Compte-rendu de lecture
Honte à moi qui n’avais jamais lu Le siècle de Louis XIV. Cette lacune est comblée. Quelle admirable leçon d’histoire de France, doublement classique, par le sujet et par la façon !
Chateaubriand dit que Voltaire donna le meilleur quand il était soumis à la censure. Quand il écrit cet ouvrage, Voltaire a encore sa carrière à faire, il courtise Louis XV : quel meilleur moyen que de faire l’éloge de son arrière-grand-père ? Il est prudent sur le sujet religieux, beaucoup plus que dans l’Essai sur les mœurs, publié un peu plus tard, où il s’attelle à l’histoire du monde avec une érudition considérable, mais sans déguiser cette fois son hostilité à l’héritage juif et chrétien, juif encore plus que chrétien.
Il ne suffisait pas que Louis XIV ait eu un règne brillant sur le plan militaire et ait été contemporain d’un merveilleux épanouissement de la littérature et des arts, d’un raffinement sans égal des mœurs pour apparaître comme un roi hors-série. Il fallait que quelqu’un le dit et le dit magnifiquement. Ce fut Voltaire.
Rien qui ne soit connu aujourd’hui dans le portrait qu’il en dresse : non seulement homme d’autorité mais homme de goût et d’une politesse exquise en toutes circonstances, le contraire de l’image qu’on se fait aujourd’hui du tyran grossier et brutal.
Apte très jeune à s’entourer des meilleurs talents, il s’y fia peut-être trop. Il lui manqua, nous semble-t-il, cet art, difficile entre tous pour les gouvernants, de doubler les réseaux d’‘information officiels pour savoir ce que l’administration lui cache. C’est ainsi qu’il fut gravement désinformé sur la résistance du protestantisme avant la Révocation de l’Edit de Nantes. L’autre grande faute que Voltaire, pourtant admirateur, rappelle, est naturellement le ravage du Palatinat, qu’une confiance aveugle en Louvois explique en partie.

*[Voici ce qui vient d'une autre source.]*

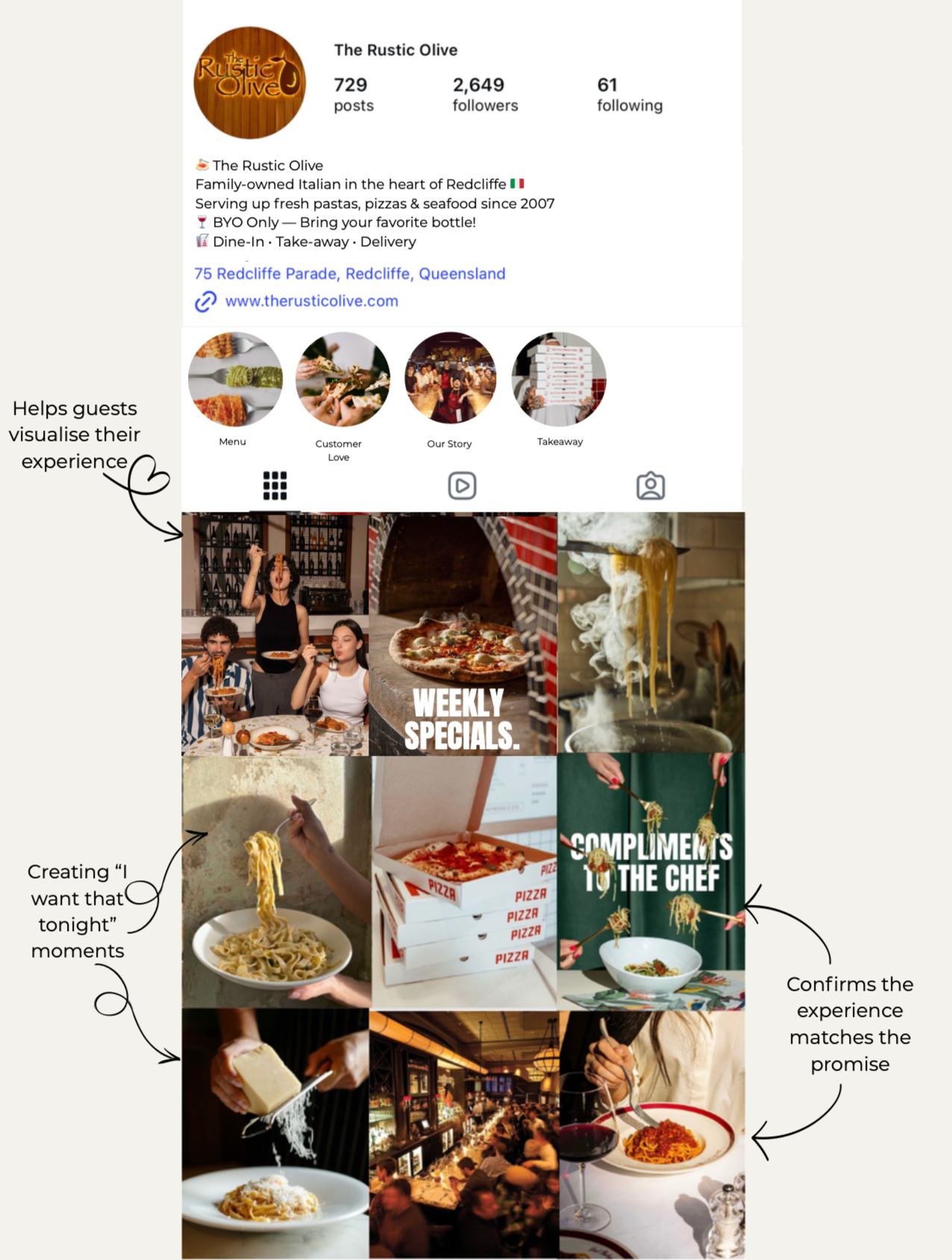 Your social presence documents the menu, not the experience of choosing you.

J’avais étudié pour l’agrégation les guerres de Louis XIV sans à vrai dire y comprendre grand-chose. Chez Voltaire, grand pédagogue s’il en est, leur enchaînement est parfaitement lumineux.
La guerre, pour le grand roi, ne se sépare pas de l’amour : n’y partait-il pas au printemps comme en automne, on part à la chasse, tenant à ce que l’y accompagnassent les plus belles femmes de la cour ?
Ce grand amoureux, qui après avoir épuisé de grossesses sa faible femme espagnole, double cousine germaine (un mariage que l’Eglise eut interdit en d’autres temps !) et trouvé, parmi d’innombrables maitresses, sa vraie partenaire dans la torride marquise de Montespan (héritière par sa naissance, on le suppose, de l’esprit Mortemart, cher à Proust), il épousa Mme de Maintenon à 45 ans, comme on entre en religion, bien jeune.
Même rupture dans l’histoire militaire. Jusque vers 1690, Louis XIV fait la guerre avec autant d’ardeur qu’il fait l’amour, victorieusement, à toute l’Europe qui n’en demande pas tant. A partir de là, toute l’Europe la lui fait, alors qu’il n’a plus envie de la faire. Juste revanche mais triste vieillesse.
Ce grand chasseur de talents faillit perdre sa dernière guerre faute d’avoir repéré le futur prince Eugène, qui, éconduit dans son pays, servit avec génie l’empereur d’Autriche. Louis XIV ne fut sauvé du désastre final que par le vieux Villars, autre soldat de génie, qui faute d’être bon courtisan dut attendre le soir de sa vie (et la mort de tous ses rivaux) pour accéder au premier rang.
Sur la même étagère des classiques oubliés, un ouvrage qui fit fureur au XVIIIe siècle : le Télémaque de Fénelon plus guère lu aujourd’hui. Une prose aussi admirable que celle de Voltaire, mais avec l’ennui en plus. Les bergeries à la Poussin, l’atticisme doucereux et les bons sentiments qui l’ inspirent font de la mauvaise littérature. En tous les cas, de la mauvaise politique : contre Louis XIV, Fénelon pensa qu’un politique vertueux devait être doux. A trop le lire, Louis XVI en perdit la tête.
Roland HUREAUX
*Ces deux ouvrages ont été lus dans l’édition de la Pléiade.